Semileptonic and nonleptonic decays of the axial-vector tetraquark $$T_{bb;\overline{u} \overline{d}}^{-}$$

Abstract

The semileptonic and nonleptonic decays of the double-beauty axial-vector tetraquark $T_{bb;\overline{u} \overline{d}}^{-}$ to a state $\widetilde{T}_{bc; \overline{u}\overline{d}}^{0}$ (hereafter $T_{bb}^{-}$ and $\widetilde{T} _{bc}^{0}$, respectively) are investigated in the context of the QCD sum rule method.
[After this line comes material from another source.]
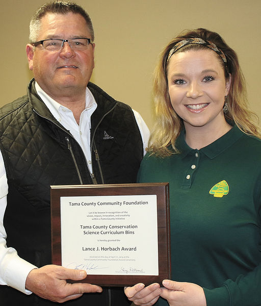 The Lance J. Horbach Award, presented annually by the Tama County Community?Foundation, was received this year by Logan Roberts, director, on behalf of the Tama County Conservation Board in recognition of the Conservation Science Curriculum Bins project. Horbach made the presentation. Horbach was instrumental while serving in the Iowa Legislature for creation of the 85-county program in Iowa to distribute a portion of gambling proceeds to counties who are not the sites of state-licensed casinos.

The final-state tetraquark $\widetilde{T}_{bc}^{0}$ is treated as an axial-vector particle built of a heavy axial-vector diquark $ b^{T}\gamma _{\mu }Cc$ and light scalar antidiquark $\overline{u}C\gamma_{5} \overline{d}^{T}$. Its spectroscopic parameters are calculated using the two-points sum rules by taking into account contributions of quark, gluon and mixed condensates up to dimension $10$. We study the dominant semileptonic $T_{bb}^{-} \to \widetilde{T}_{bc}^{0}l\overline{\nu }_{l}$ and nonleptonic decays $T_{bb}^{-} \to \widetilde{T}_{bc}^{0}M$, where $M$ is one of the pseudoscalar mesons $\pi^{-}, K^{-}, D^{-}$ and $D_s^{-}$. The partial widths of these processes are computed in terms of weak form factors $G_{i}(q^2),\ i=1,2,3,4$, extracted by employing the QCD three-point sum rule approach. Predictions obtained for partial widths of considered decays are used to improve accuracy of theoretical predictions for full width and lifetime of the tetraquark $T_{bb}^{-}$, which are important for experimental exploration of this exotic meson.